__WHAT THE EXERCISE ASKS__. Line by line, return the listing exactly, without any of the images.

__DATA BLOCK__.

== Segment start ==

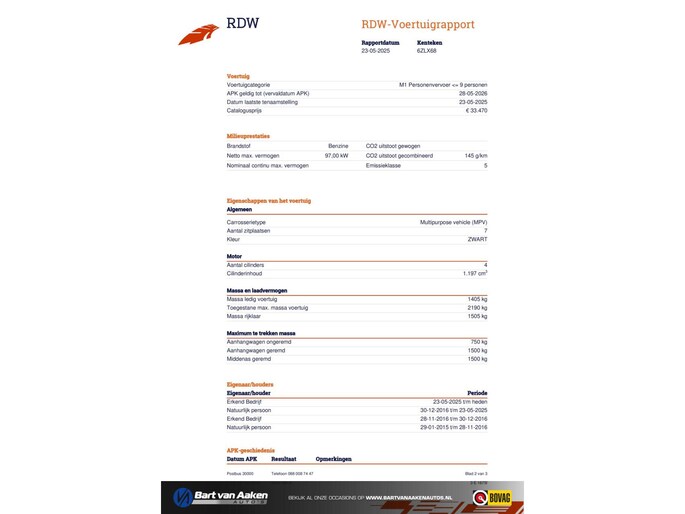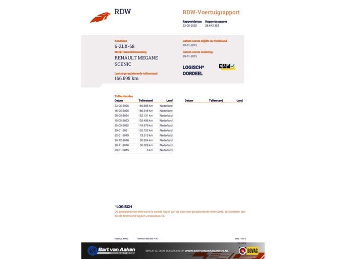 Kilometerstand gecontroleerd
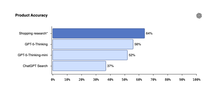 其次,这次购物研究的功能,是由一个经过强化学习训练的 GPT-5 mini 版本支持,专门用于购物任务。他们创建了一个新的评估方法,来衡量模型推荐的商品是否符合用户的需求,最后的结果是购物研究达到了最高的 64% 准确率。
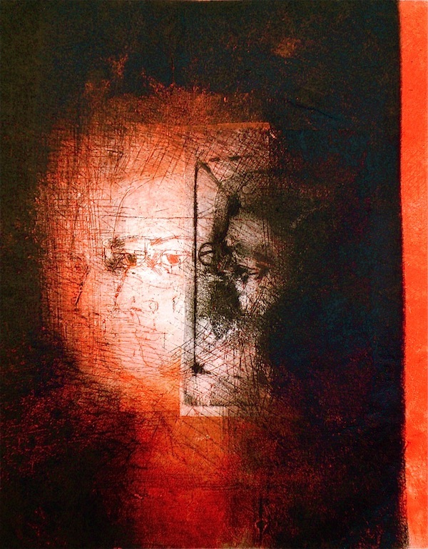 Portraits can tell a story without a long narrative structure because the artist tries to capture a point or in this case points in time within the space of one image. The image is still but it alluded to action and thought. I tried to capture some aspects of the mother and daughter relationship at a time when the mother’s influence waned and prominence of the peer group and the daughter’s sense of identity took the stage. The abstracted shapes like the keyhole and window referred to elements of vision about elucidation, obscurity and transition. The red column shape echoed those in ancient Minoan rituals that depicted aspects of female initiation.
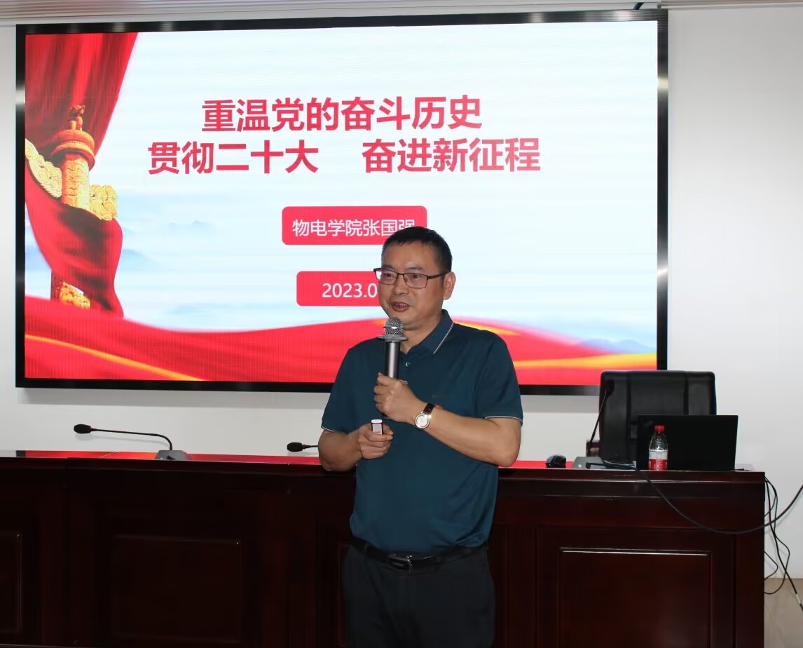 2023年5月9日下午,物电学院联合外国语学院、马克思学院开展的入党积极分子的第三次培训于理科楼B413顺利结束。本次党课培训的主讲人是物电学院党委书记张国强。物电学院、外国语学院、马克思主义学院三个学院的九十余位入党积极分子参与了本次培训。

== Segment end ==

__OUTPUT FOR THIS EXERCISE__.
 Kilometerstand gecontroleerd
 其次,这次购物研究的功能,是由一个经过强化学习训练的 GPT-5 mini 版本支持,专门用于购物任务。他们创建了一个新的评估方法,来衡量模型推荐的商品是否符合用户的需求,最后的结果是购物研究达到了最高的 64% 准确率。
 Portraits can tell a story without a long narrative structure because the artist tries to capture a point or in this case points in time within the space of one image. The image is still but it alluded to action and thought. I tried to capture some aspects of the mother and daughter relationship at a time when the mother’s influence waned and prominence of the peer group and the daughter’s sense of identity took the stage. The abstracted shapes like the keyhole and window referred to elements of vision about elucidation, obscurity and transition. The red column shape echoed those in ancient Minoan rituals that depicted aspects of female initiation.
 2023年5月9日下午,物电学院联合外国语学院、马克思学院开展的入党积极分子的第三次培训于理科楼B413顺利结束。本次党课培训的主讲人是物电学院党委书记张国强。物电学院、外国语学院、马克思主义学院三个学院的九十余位入党积极分子参与了本次培训。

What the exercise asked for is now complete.